Some Worries as San Francisco Goes Wireless

Some Worries as San Francisco Goes Wireless By LAURIE J. FLYNN SAN FRANCISCO, April 9 - When Mayor Gavin Newsom announced 18 months ago that he intended to provide free wireless access to all of the city's 760,000 residents, Chris Vein said he felt sorry for the "poor guy" who would have to carry out the complex task. Today, nine months after taking the job as head of the city's technology department, Mr. Vein is the point person in negotiations over the details.

Last week, the city announced it had selected Google and EarthLink to build the wireless network, which it hopes will be in operation early next year. The two companies, along with Tropos Networks and Motorola, which will help build the infrastructure for the network, beat out five other bidding teams in a six-week review process.

The exact terms and business model are to be decided in negotiations that are expected to begin next month between the city and EarthLink, the lead company.

But in the few days since the winning bidder was announced, the city, along with Mr. Vein, has found itself at the center of debate about the role of advertising, the implications of the network on consumer privacy and the effect on telecommunications companies that today sell Internet access in the city.

The San Francisco service will be EarthLink's fourth municipal wireless network. The plan is to blanket the city's 49 square miles so that all residents can connect to the Internet from their homes and offices and even from their neighborhood park.

Mr. Vein said that, from the start, the project's mission had been to help bridge the so-called digital divide by providing wireless access to residents who could not get it otherwise.

"This is really intended to help those people first, and everybody else second," said Mr. Vein, San Francisco's executive director of telecommunications and information services.

The other companies that submitted bids for the city contract were SF Metro Connect, a collaboration between Cisco Systems; I.B.M. and SeaKay Inc., a nonprofit group; Communications Bridge Global; MetroFi; NextWLAN; and Razortooth Communications.

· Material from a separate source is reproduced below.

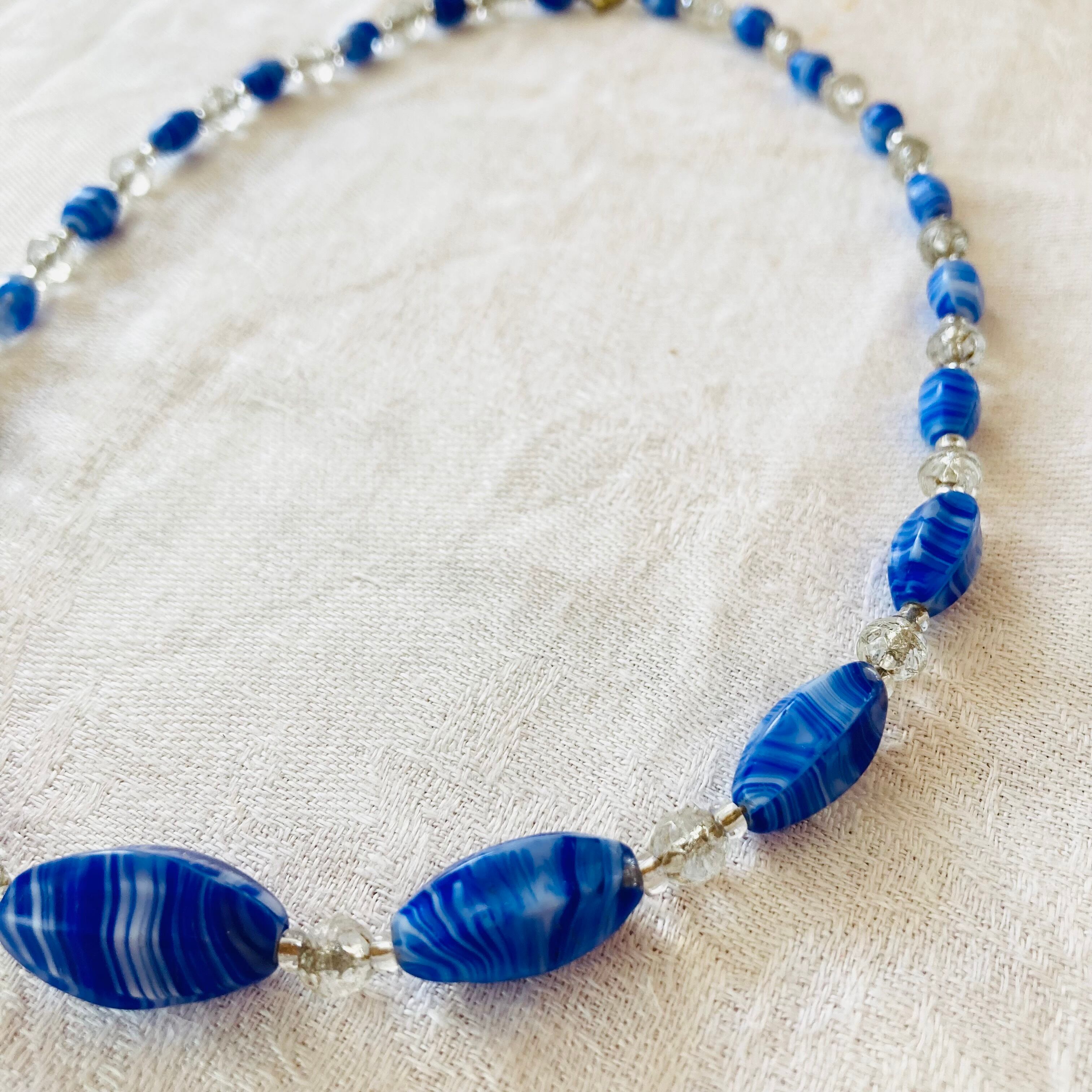 【フランス直輸入】ブルーガラスが美しい ヴィンテージネックレス

Mr. Vein, who was not on the review committee, said the group led by EarthLink narrowly beat out MetroFi. Mr. Vein said that EarthLink's experience building a similar high-profile wireless network under construction in Philadelphia may have contributed to its winning the San Francisco contract.

Users of the network in San Francisco will be able to choose from two options. From Google, at no cost, they will be able to connect to the Internet at the modest speed of 300 kilobits a second, about six times as fast as a dial-up connection but slower than cable service. The trade-off is that they will see a variety of on-screen advertising, though exactly what that will look like is part of the negotiations.

Or, for an estimated $20 a month, subscribers will be able to connect through EarthLink at roughly four times that speed and see no advertising at all.

Mr. Vein said he thought the typical San Francisco resident, and the additional 400,000 who commute into the city every weekday, would take advantage of the free service, but that the city's many small businesses would likely pay for the faster service.

San Francisco already has more wireless hot spots than most other American cities - about 800 of them, nearly 400 of them free, according a recent report by JBoss, a research company - but the new network would extend throughout the entire city.

For Google, the San Francisco network is indicative of the company's move to expand well beyond search, into areas like local advertising and real estate listings.

But even before the city announced the winning bidder, privacy advocates had begun to criticize the Google approach for what they say is its potential to violate consumer privacy. Early last week, the Electronic Frontier Foundation and the Electronic Privacy Information Council released a joint report calling the EarthLink and Google proposal "privacy-invasive," because it would involve "cookies" that track users from session to session to enable customized delivery of ads.

Mr. Vein said the criticism was premature given that the city and the companies had not yet negotiated the details of the network.

"While we have picked somebody, we haven't necessarily agreed to the details of the proposal," Mr. Vein said. "It is just a starting point."

Mr. Vein said the city would make decisions related to privacy as the issues came up during negotiations. "I will be pushing to maintain the privacy and security of citizens as best I can as I put this deal together," he said.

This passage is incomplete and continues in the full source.